1 Canadian Dividend Champion to Benefit From the Economic Upswing

Benefit from the global economic upswing and firmer metals prices by investing in Canadian National Railway Company (TSX:CNR)(NYSE:CNI).

| More on:
The Motley Fool

The global economic upswing continues to gain considerable momentum, much of it being driven by the solid recovery in emerging markets. This can be attributed to their reliance on the extraction and export of commodities such as base metals, precious metals, coal, and oil, which have all experienced a significant uptick in prices of late.

What many pundits fail to recognize is that the same factors that are driving an improved economic outlook for developing economies are also a positive for Canada. This is because the extraction of oil, metals, and coal is responsible for just over 8% of Canada’s GDP and over 15% of export earnings. It means the growing demand for commodities, which continues to push prices higher, from China and India is a powerful tailwind for Canada’s economy.

As a result, the IMF recently hiked its growth forecast for Canada, lifting its projected GDP growth for 2018 by 30 basis points (bps) to 2.3% and by 20 bps for 2019 to 2%. The IMF also expects Trump’s tax reforms and fiscal stimulus to benefit Canada.

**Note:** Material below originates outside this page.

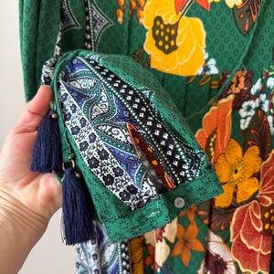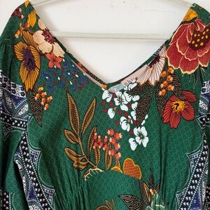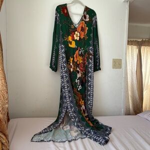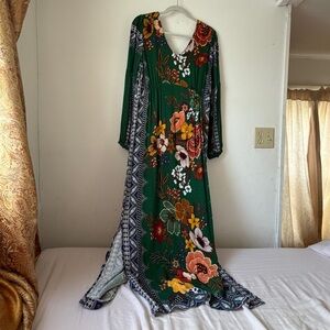 Philosophy size 12 green maxi dress with long sleeves and floral design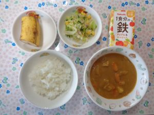 20日の給食は『ポークカレー・ツナサラダ・野菜ジュース・バナナ』で、

That bodes well for many Canadian stocks, notably those with exposure to the mining and energy sectors, such as Canadian National Railway Company (TSX:CNR)(NYSE:CNI). Canadian National owns and operates Canada’s largest rail network and is responsible for transporting a significant volume of Canada’s bulk freight.

Now what?

With rail being the only cost-effective means of transporting bulk freight combined with the breadth and width of Canadian National’s transcontinental rail network, demand for its services can only rise. The firmer demand for freight by rail because of higher metals and coal prices as well as economic growth is reflected in Canadian National’s third-quarter results.

Carloads for the quarter rose by 11% year over year, while gross tonne miles shot up by a healthy 12%. This can be attributed to a marked increase in the volume of metals, other minerals, and coal transported for that period. Revenue tonne miles for metals and mineral spiked by an impressive 50%, while for coal they expanded by 40%.

That trend will continue as Canadian miners such as Teck Resources Ltd. boost their coal, copper, and zinc production to take advantage of higher prices.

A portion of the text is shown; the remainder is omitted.